The Trumps urged a court to "quash" the subpoenas, a legal filing showed.
"Her (James's) actions are a threat to our democracy and I plan to hold her accountable to the fullest extent," said Trump lawyer Alina Habba.
James is probing whether the Trump Organization may have illegally reported false values on its properties, potentially to gain banking and tax advantages.
She launched her investigation in March 2019 and suspects that the Trump Organization fraudulently overstated the value of certain properties when seeking bank loans, and later reported much smaller values when declaring assets so it could pay less tax.
Trump's son Eric, who is executive vice president of the Trump Organization, was interviewed by James's office on the issue in October 2020.
The former president is facing pressure from several legal probes.

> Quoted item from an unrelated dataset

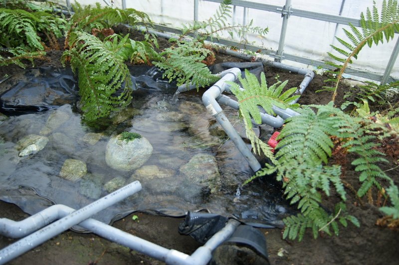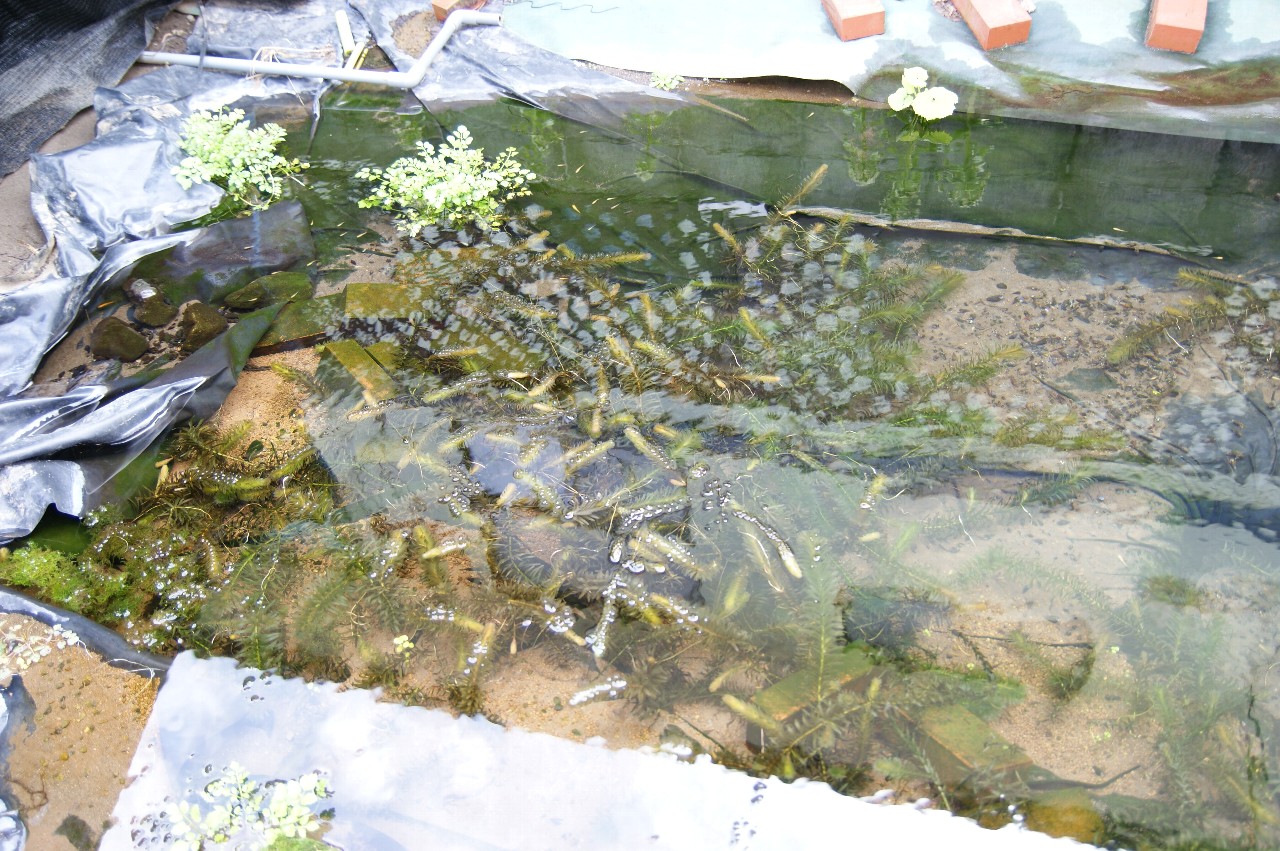 ハウス内から流れた井戸水は池へ流れますが、流れ込みは一番暖かいので

In Washington he is trying to prevent a congressional probe into the January 6 attack by his supporters on the US Capitol from accessing White House records related to that day.
The Trump Organization is under investigation by the Manhattan district attorney for possible financial crimes and insurance fraud.
In July, the Trump Organization and its long-serving finance chief, Allen Weisselberg pleaded not guilty in a New York court to 15 felony fraud and tax evasion charges.
His trial is due to begin in the middle of this year.
Trump was also questioned for more than four hours in October as part of a lawsuit by a group of protestors who allege that his security guards assaulted them six years ago.
He is also battling to prevent years of his tax returns from being released to prosecutors.